By Donna Sanders, Investment Advisor Representative for World Trend Financial

The IRS recently released a new publication (No. 4482) outlining the benefits of 403(b) plans. These are retirement plans offered by public schools and 501(c)(3) tax-exempt organizations. Here are some of the contribution limits, loan provisions and distribution/rollover rules outlined in the publication:

General annual contribution limits: $18,000 for elective deferrals (2017, indexed for inflation); total employer/employee contributions of $54,000 per year, or 100% of includable compensation, if less.

15-years-of-service catch-up contributions: The employee must have 15 years of service. The contributions are limited to the least of $3,000, $15,000 less previously excluded special catch-ups, or $5,000 times years of service, minus previously excluded deferrals.

Age-50 catch-up contributions: An additional $6,000 per year (2017, indexed for inflation). This may allow the employee/employer combined contribution reach $60,000.
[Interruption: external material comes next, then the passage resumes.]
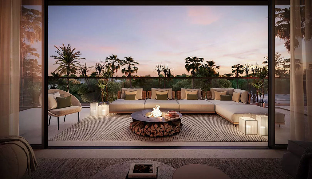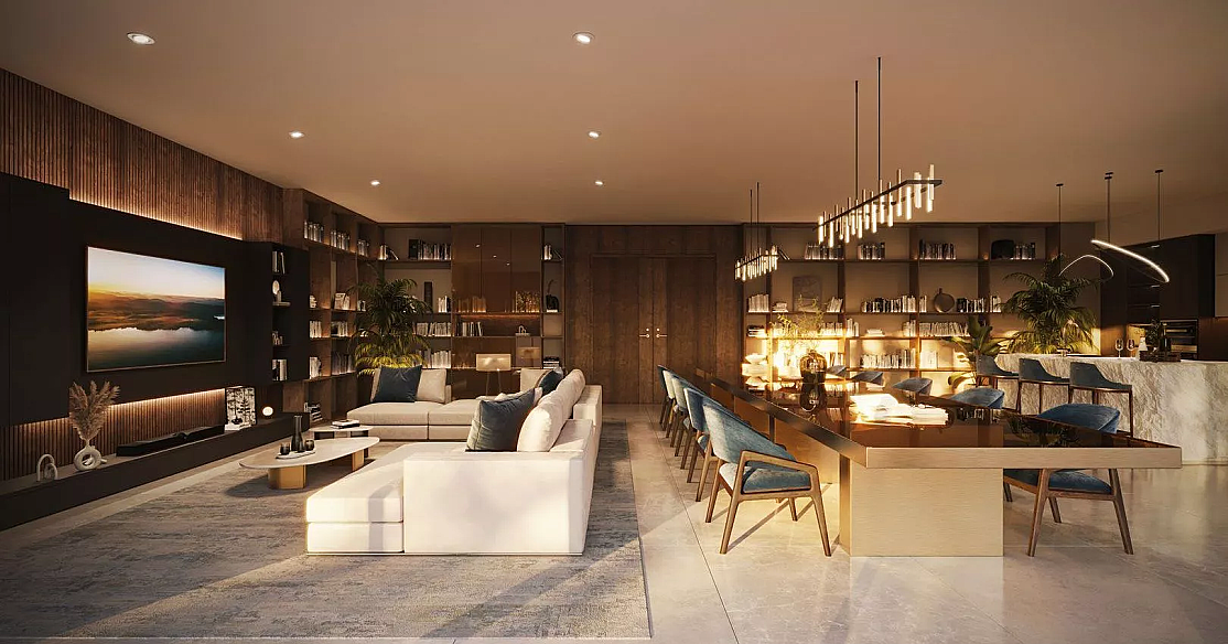 The Sama Yas collection features 274 sophisticated residences: 1–3 bedroom apartments, including options with private gardens, as well as 2–3 bedroom duplexes. Residence sizes start from 81 sq. m, and interiors follow the “old money” aesthetic with a focus on natural materials and understated luxury. A contrasting palette — from creamy whites to deep chocolate tones — is paired with textures of fine wood, marble with expressive veining, glass, metal, and natural stone. Together, these elements create an atmosphere of modern aristocratic elegance.
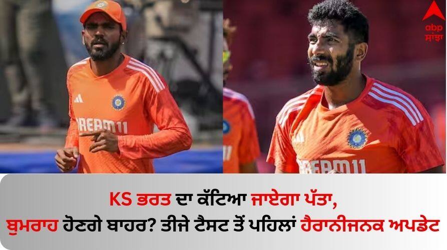 IND vs AUS 3rd Rajkot Test: ਭਾਰਤ ਅਤੇ ਇੰਗਲੈਂਡ ਵਿਚਾਲੇ ਪੰਜ ਮੈਚਾਂ ਦੀ ਟੈਸਟ ਸੀਰੀਜ਼ ਦਾ ਤੀਜਾ ਮੁਕਾਬਲਾ ਰਾਜਕੋਟ 'ਚ 15 ਫਰਵਰੀ ਤੋਂ ਖੇਡਿਆ ਜਾਣਾ ਹੈ। ਹੁਣ ਤੱਕ ਦੋ ਮੈਚਾਂ ਤੋਂ ਬਾਅਦ ਸੀਰੀਜ਼ 1-1 ਨਾਲ ਬਰਾਬਰ ਹੈ। ਪਰ ਤੀਜੇ ਟੈਸਟ ਤੋਂ ਪਹਿਲਾਂ ਟੀਮ ਇੰਡੀਆ 'ਚ ਕਈ ਬਦਲਾਅ ਦੇ ਬਾਰੇ 'ਚ ਅਹਿਮ ਅਪਡੇਟਸ ਸਾਹਮਣੇ ਆਏ ਹਨ ਜੋ ਸੱਚਮੁੱਚ ਹੈਰਾਨ ਕਰਨ ਵਾਲੇ ਹਨ। ਜਿਵੇਂ- ਕੇਐਸ ਭਰਤ ਅਤੇ ਬੁਮਰਾਹ ਬਾਹਰ ਹੋ ਸਕਦੇ ਹਨ। ਤਾਂ ਆਓ ਜਾਣਦੇ ਹਾਂ ਕੀ ਹੈ ਪੂਰਾ ਮਾਮਲਾ।

Post-service contributions: If the plan allows, the former employee may defer, up to the annual contribution limits, accumulated sick pay, accumulated vacation pay, and back pay if done before the end of the calendar year they leave employment, or 2 ½ months after leaving, if later. The employer may contribute up to the combined annual employer/employee contribution limit for the former employee for up to 5 years following the end of the year the employee left employment. The former employee cannot elect to receive this money in cash. These post-service employer contributions must end upon the former employee’s death.
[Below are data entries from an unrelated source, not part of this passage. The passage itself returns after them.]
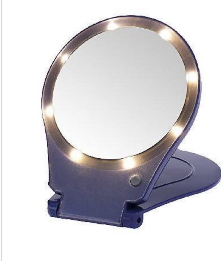This mirror is magnifying and lighted…and you can fold it up! It travels easily and is very handy. Get you one!
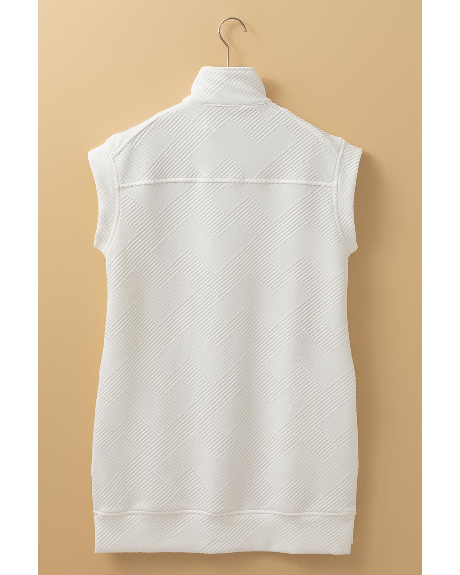 This white textured mini dress features a stylish design with a half zip closure and a collared neckline. Crafted from a cozy and unique textured fabric, it offers both comfort and fashion. The dress is designed with cap sleeves, side pockets, and slits at the hemline to enhance its overall look and functionality.
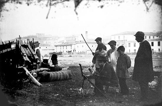 Sorolla pintando en el margen del rio Arlanzón . 1910

Loans: If allowed by the 403(b) plan and the annuity, the following rules apply: $50,000 limit for all loans at any time, payments at least quarterly, terms of no more than 5 years (unless for purchase of primary home), and a reasonable rate of interest.

Distributions: The employee elective deferrals are generally available upon death, age 59 ½, severance from employment or disability, and no later than the later of age 70 ½ or retirement. Employee contributions may be available earlier if allowed in the plan and annuity.

Rollovers: Must satisfy eligible distribution rules (see above), and are permitted to and from other retirement plans.